— Given information —
◇ ◇ ◇

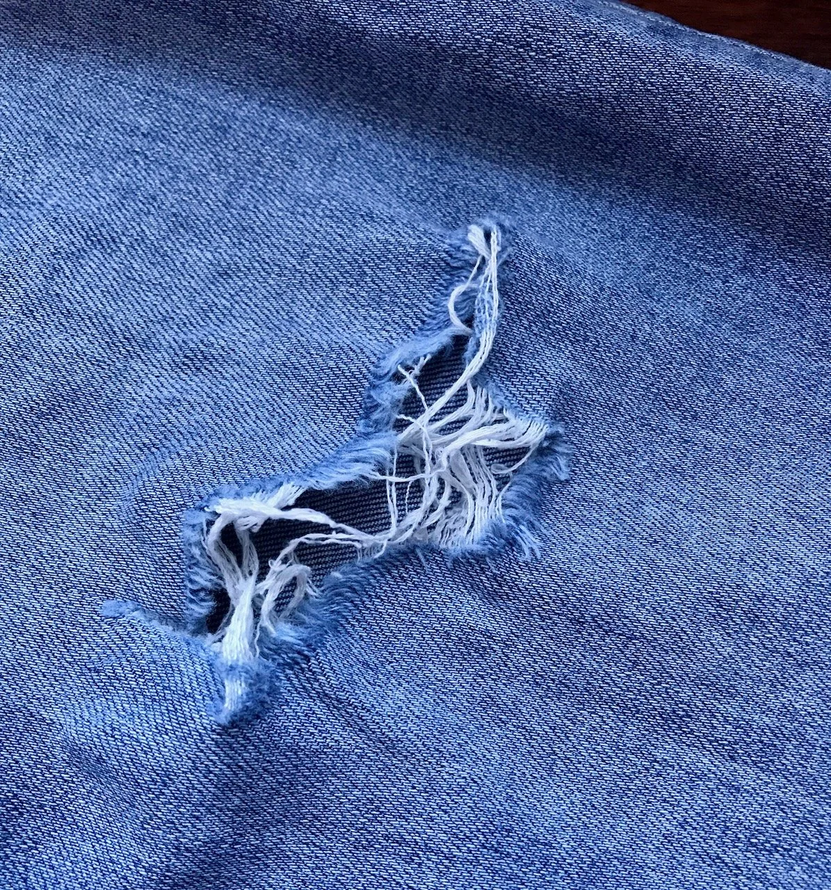 One of the original pairs I bought came complete with wear and tear, turn ups and a ripped knee. Over time the rip on the knee grew, not helped by my foot looking for shortcuts when putting them on. It grew too much for me, and so I decided to tackle it, and after a quick repair, I think it’s worked well - and I think I prefer the rip this way.
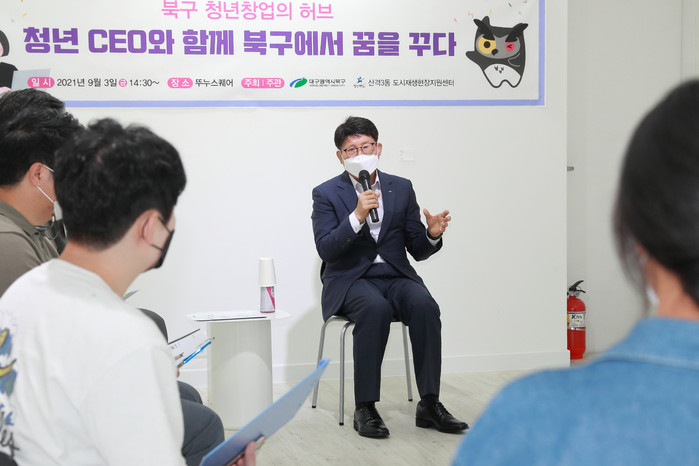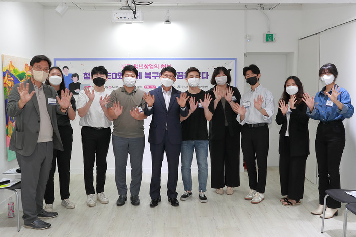 이날 행사는 북구 지역청년 창업가들의 창업지원 정책 이해도를 높이고 지역 내 청년창업을 활성화하고자 캠퍼스혁신파크, 융합특구지역 등 대규모 창업프로젝트와 관련된 지역 현안을 두고 토의했다.
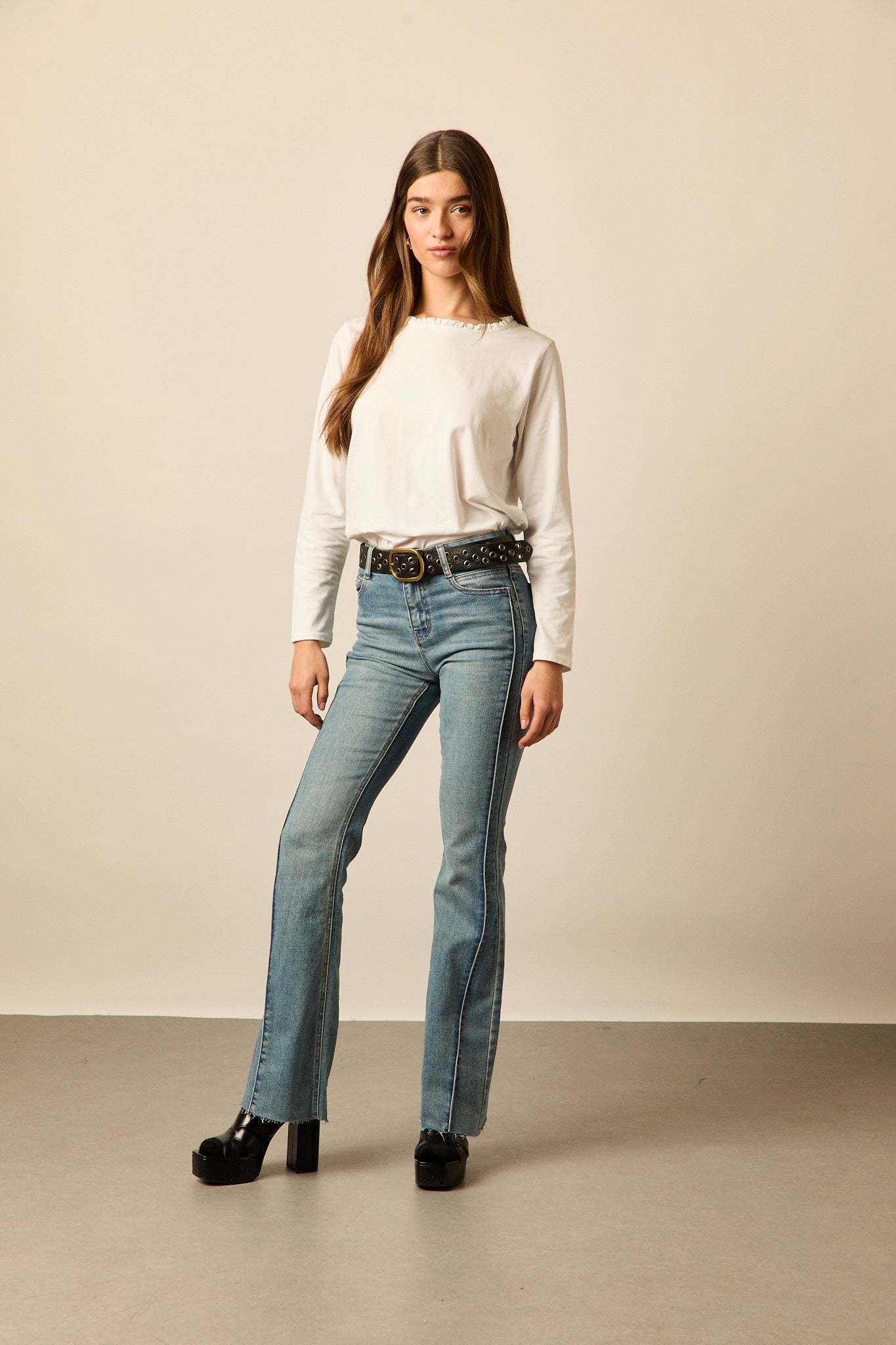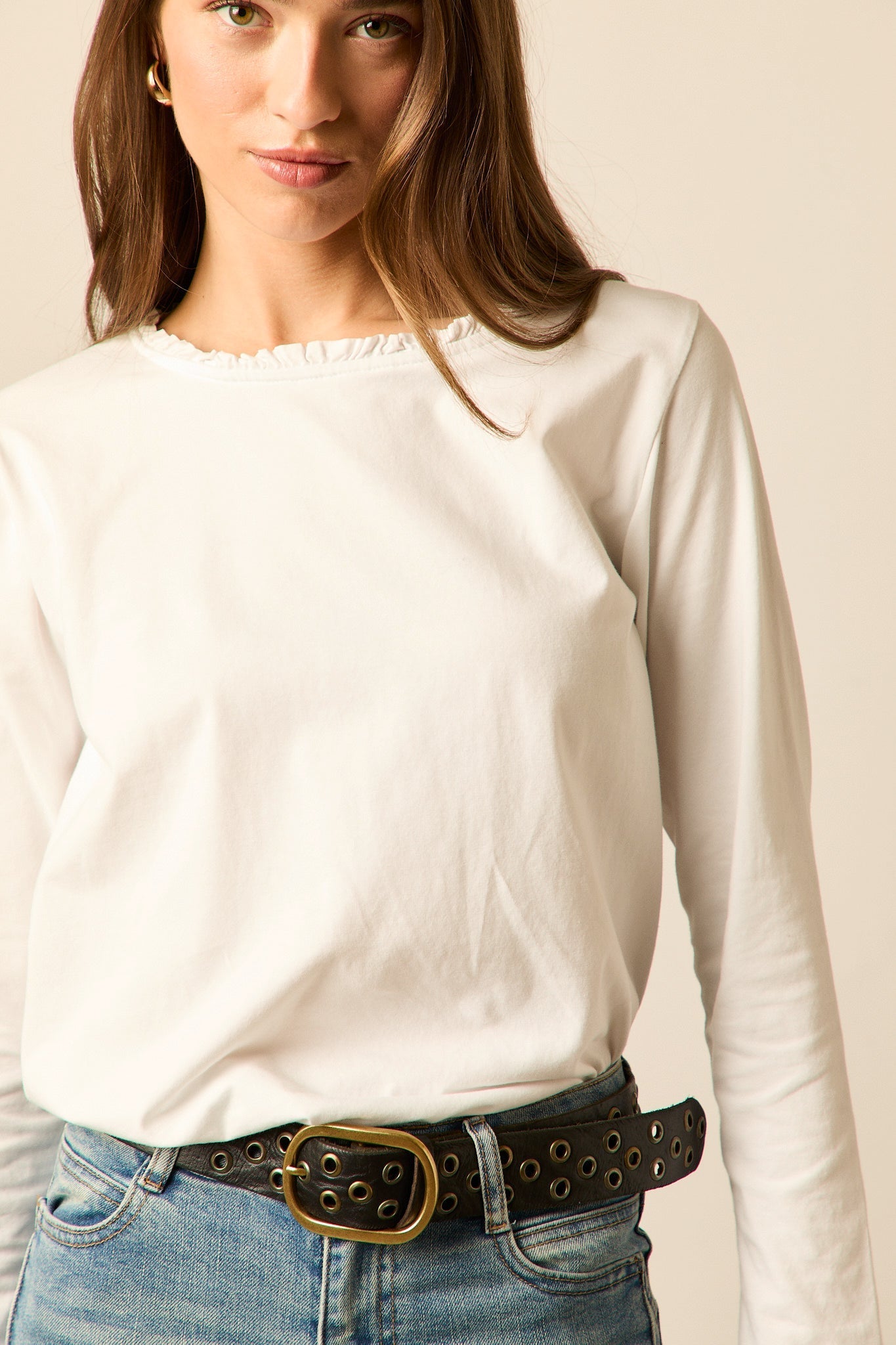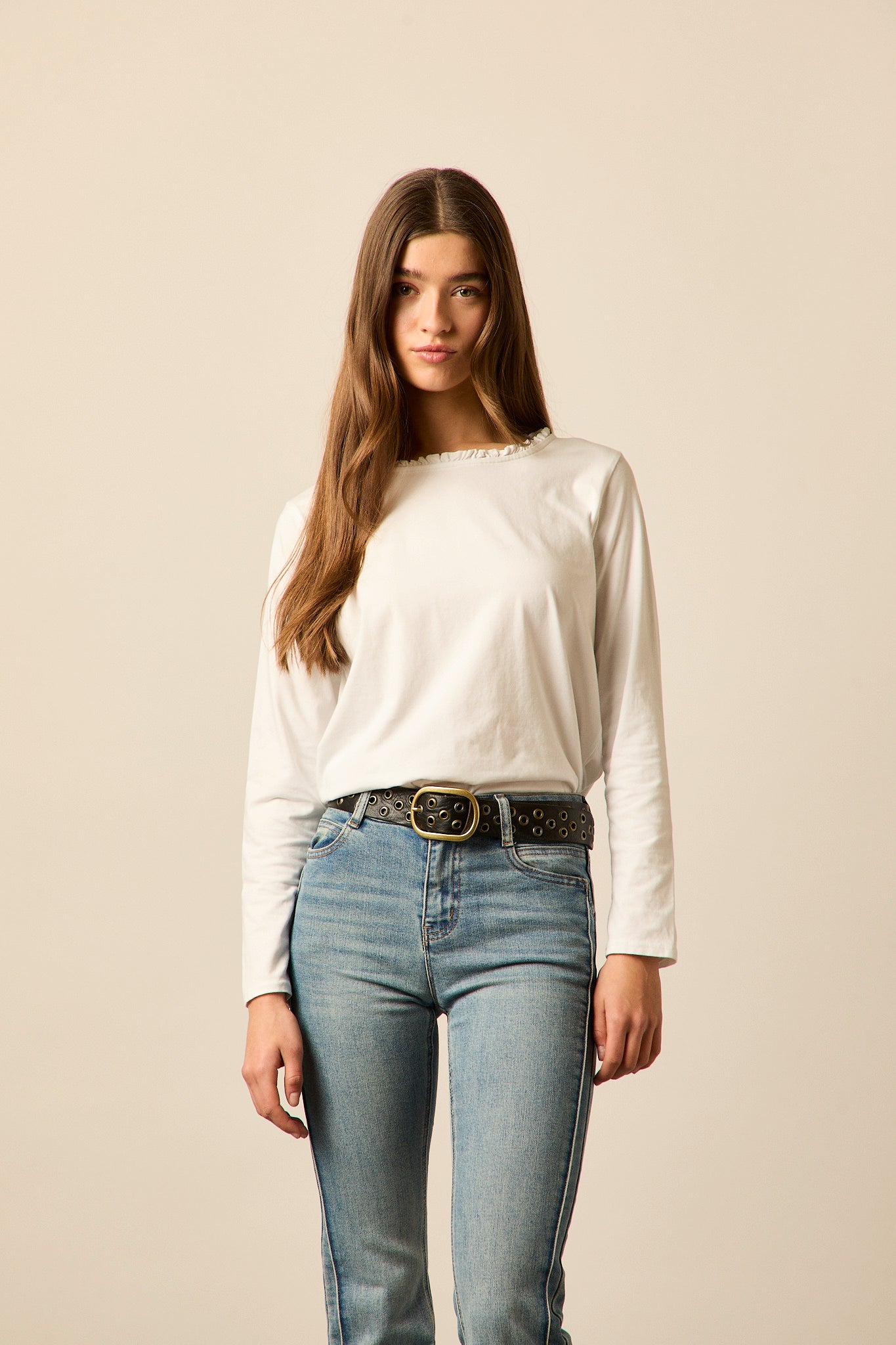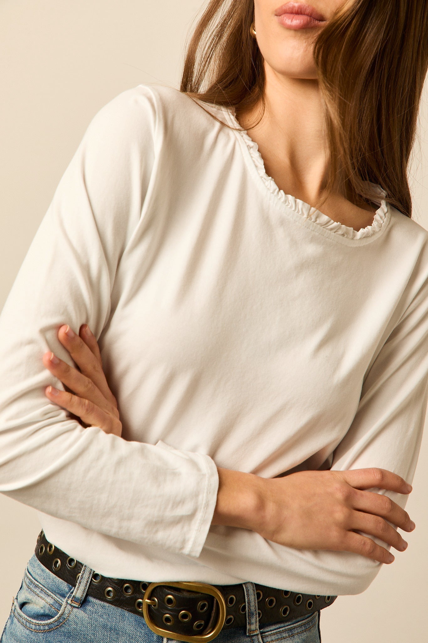 Camiseta básica de manga larga en color blanco. Cuello caja con detalle de volantes y diseño recto.

◇ ◇ ◇

— Activity —
Retype the listing above exactly as it appears, omitting the pictures.

— Result of this task —
 One of the original pairs I bought came complete with wear and tear, turn ups and a ripped knee. Over time the rip on the knee grew, not helped by my foot looking for shortcuts when putting them on. It grew too much for me, and so I decided to tackle it, and after a quick repair, I think it’s worked well - and I think I prefer the rip this way.
 이날 행사는 북구 지역청년 창업가들의 창업지원 정책 이해도를 높이고 지역 내 청년창업을 활성화하고자 캠퍼스혁신파크, 융합특구지역 등 대규모 창업프로젝트와 관련된 지역 현안을 두고 토의했다.
 Camiseta básica de manga larga en color blanco. Cuello caja con detalle de volantes y diseño recto.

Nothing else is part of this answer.